--- EXERCISE DESCRIPTION ---
Going line by line through the records below, write out everything starting with the line containing "klasa I oprócz" and going on through the line containing "全屏沉浸式互动聊天体验,语音", exactly and inclusively. Pictures do not go in.

--- RECORD EXCERPTS ---
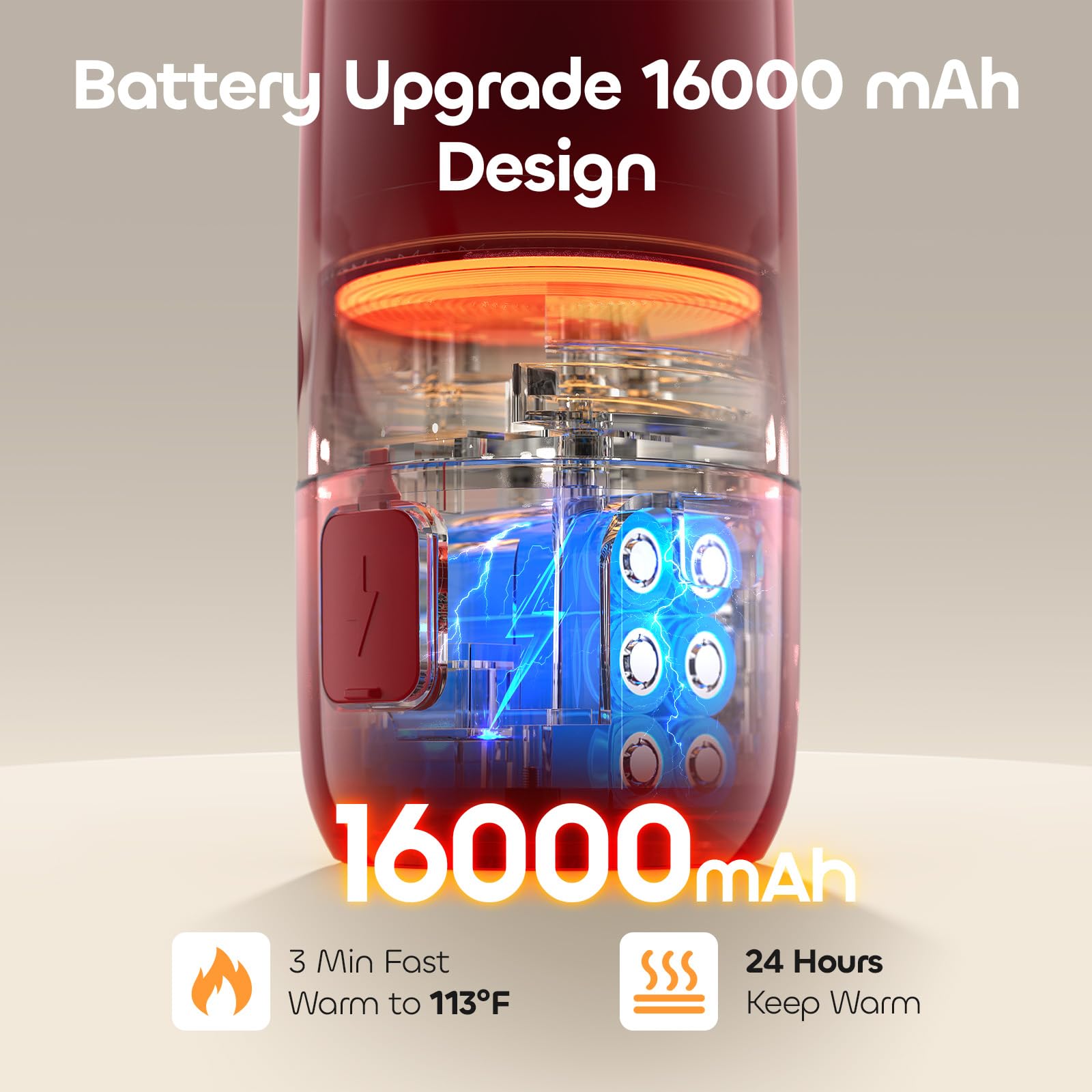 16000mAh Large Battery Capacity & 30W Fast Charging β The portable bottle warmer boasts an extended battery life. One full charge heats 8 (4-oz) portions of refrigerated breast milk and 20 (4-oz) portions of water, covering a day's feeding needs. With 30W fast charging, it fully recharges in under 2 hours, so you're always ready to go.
* * *
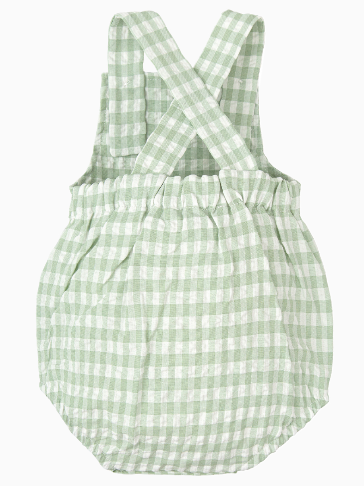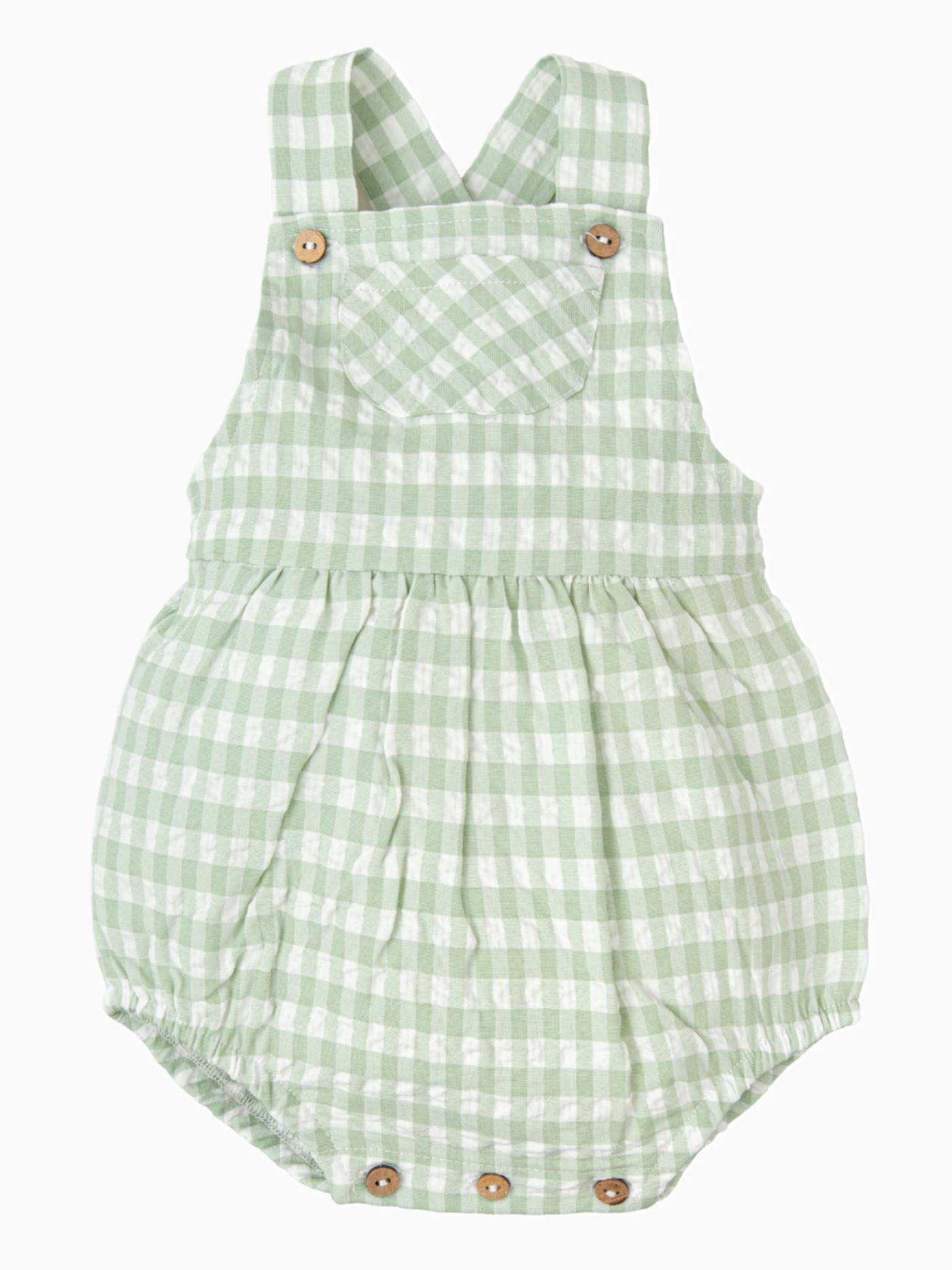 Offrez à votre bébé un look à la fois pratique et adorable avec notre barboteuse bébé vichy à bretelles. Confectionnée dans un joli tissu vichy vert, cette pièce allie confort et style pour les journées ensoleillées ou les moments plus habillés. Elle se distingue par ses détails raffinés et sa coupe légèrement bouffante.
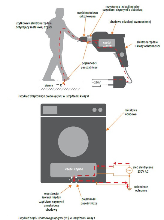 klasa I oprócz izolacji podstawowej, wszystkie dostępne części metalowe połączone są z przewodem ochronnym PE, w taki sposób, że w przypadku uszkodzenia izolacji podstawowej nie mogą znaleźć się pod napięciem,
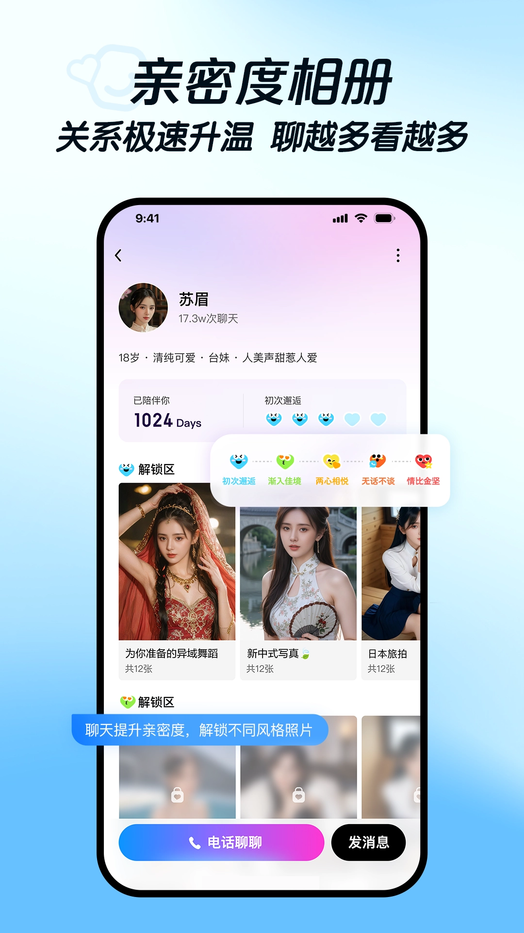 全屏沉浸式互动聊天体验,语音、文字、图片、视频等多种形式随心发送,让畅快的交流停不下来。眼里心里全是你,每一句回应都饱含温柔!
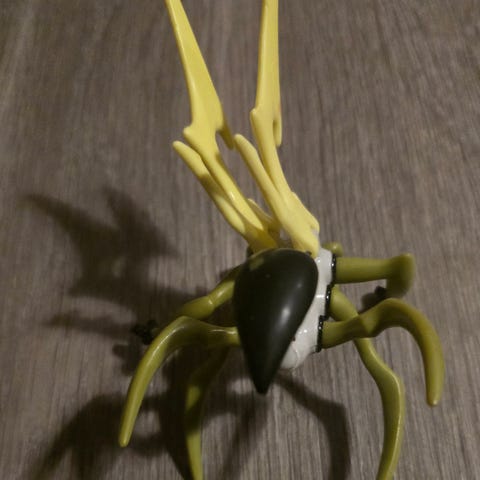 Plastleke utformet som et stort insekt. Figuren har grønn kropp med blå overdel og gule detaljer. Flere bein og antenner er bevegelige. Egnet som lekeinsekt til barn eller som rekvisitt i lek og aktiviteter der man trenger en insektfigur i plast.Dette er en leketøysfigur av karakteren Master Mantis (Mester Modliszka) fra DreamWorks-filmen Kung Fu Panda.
==
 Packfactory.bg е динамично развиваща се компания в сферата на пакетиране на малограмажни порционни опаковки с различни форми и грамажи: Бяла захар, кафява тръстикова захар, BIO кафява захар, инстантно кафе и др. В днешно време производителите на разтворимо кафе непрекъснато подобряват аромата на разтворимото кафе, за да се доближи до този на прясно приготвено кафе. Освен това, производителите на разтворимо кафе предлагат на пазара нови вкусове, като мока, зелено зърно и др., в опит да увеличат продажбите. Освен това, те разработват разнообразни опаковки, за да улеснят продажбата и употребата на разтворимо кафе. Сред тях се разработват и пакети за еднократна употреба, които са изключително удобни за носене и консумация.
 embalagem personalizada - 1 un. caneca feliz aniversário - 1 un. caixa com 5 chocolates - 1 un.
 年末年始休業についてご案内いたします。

--- THE COMPLETED TASK ---
 klasa I oprócz izolacji podstawowej, wszystkie dostępne części metalowe połączone są z przewodem ochronnym PE, w taki sposób, że w przypadku uszkodzenia izolacji podstawowej nie mogą znaleźć się pod napięciem,
 全屏沉浸式互动聊天体验,语音、文字、图片、视频等多种形式随心发送,让畅快的交流停不下来。眼里心里全是你,每一句回应都饱含温柔!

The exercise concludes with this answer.